Which brings me to Final Fantasy. Final Fantasy, it seems to me, has a very clear two level structure that has basically remained unchanged through all twelve instances of the game. On the one hand there is the standard RPG inner loop: you fight stuff, you collect loot, you gain levels and abilities. Each game tweaks these mechanics, streamlining some while making others more complicated.

The large scale organization of the games are also similar in that they are a linear jaunt from dungeon to dungeon. Each dungeon is designed to be encountered when your party has been appropriately developed and buffed. In between dungeons, there are cut scenes.

This combination of content: the fighting, the dungeons, the cut scenes, is what keeps people coming back to the game. For whatever reason, people like working through these little obstacle courses in a quest to watch the next cartoon.

The tricky thing in this game is that sometimes difficult areas are interleaved with the areas that are safe, and it’s hard to tell when you’ve gotten yourself lost and are about to be punished for it. This happens repeatedly to me in FF12 whenever I venture even the tiniest bit off the shiny rails that the developers have built for me to follow.

What I discovered this week was that this problem seems to have inhabited every FF game ever built. Because being punished over and over again on my PS2 wasn’t enough for me, I picked up the recent reissue of Final Fantasy III for the DS.

I played through the intro. No problem. I got into the first town and looked around. No problem. I walked out into the overworld and ventured north, not knowing that I had missed the cut scene that told me to venture south. Thirty seconds later, two wolves in the woods crushed my head like a grape. Even after almost twenty years of development, if you are playing Final Fantasy, you are never more than a few steps away from a one hit kill.

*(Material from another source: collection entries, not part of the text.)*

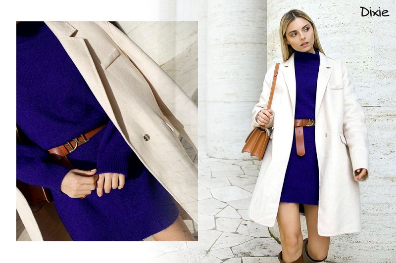 Ad esempio, i colori uniti e contrastanti e la morbida eleganza del cappotto total-white di Dixie, rendono speciale l’outfit invernale.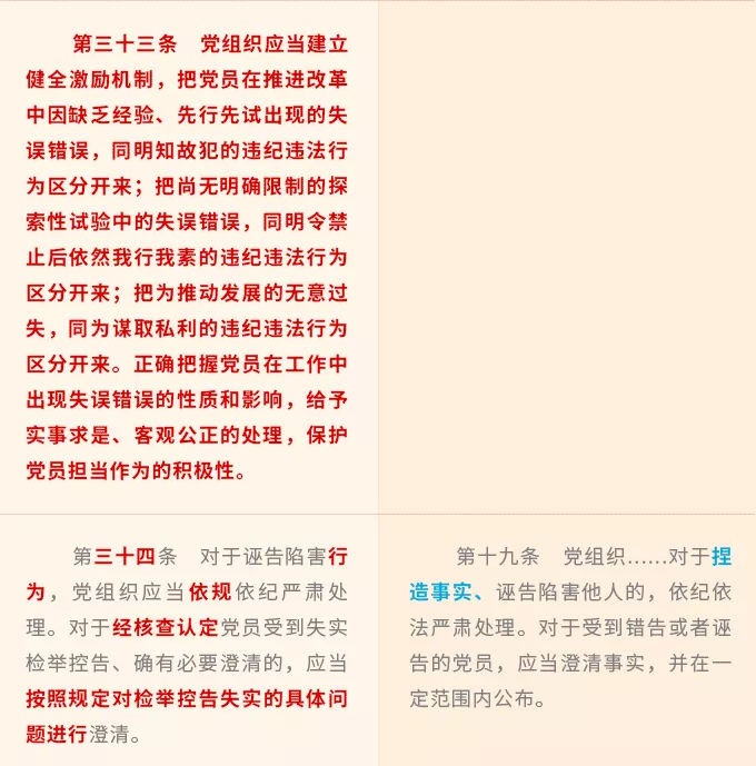 總結有關經(jīng)驗做法和創(chuàng)新性制度,新增了系列保障措施。比如,第二十五條規(guī)定的創(chuàng)新方法手段,第二十八條規(guī)定的健全黨代表、領導干部聯(lián)系黨員制度,第三十三條規(guī)定的落實“三個區(qū)分開來”要求等。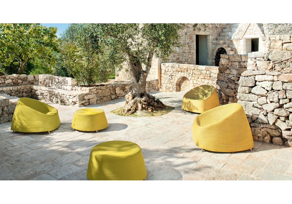 Afra diseñada por Francesco Rota para Paola Lenti es una butaca para exterior, con tapizado desenfundable disponible en diferentes colores. Disponible en dos modelos.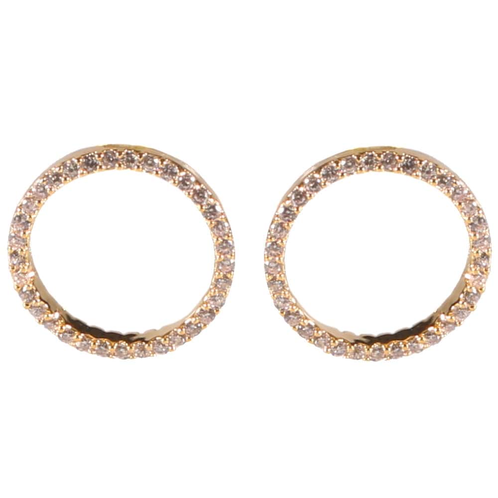 Boucles d'oreilles fantaisie cercles en métal doré de plaquage supérieur et strass en oxydes de zirconium.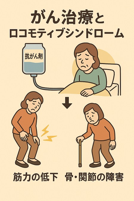 がんが進行すると筋肉量の減少(悪液質)し、疲れやすくなったり活動量が減ります。 入院治療のために安静期間が長くなり、筋力が低下することで筋力や活動量が減りロコモティブシンドロームになります。

Besides this long standing structural problem and an annoying lack of savepoints before boss fights that I tend to lose, I have generally been enjoying FF12. The streamlined combat takes a lot of the tedium out of the RPG inner loop. For once the writing, and overall production of the outer loop isn’t cringe inducing. Even the voice acting is pretty tolerable.

So, I’m looking forward to spending the next few weeks beating up creatures from the nightmares of Japanese children, picking new abilities out of a large checkerboard, trying to min-max my character development and watching cut scenes. I think I’ll put off the side quests for now though. In Final Fantasy, you can’t be too careful.

 

5 Responses to “Because I am Stupid I Make Myself Suffer”

  1. peterb says:

    Ha ha, I told you so.

  2. Jon Mann says:

    So — what is the attraction of the Final Fantasy games? I’m honestly curious; I’d like to at least understand the level of devotion it inspires, even if I fail to share it. One of the first games I played on PS2 was Final Fantasy X, and after a little progress (past the first stadium sports match thingummy) I just couldn’t see the point.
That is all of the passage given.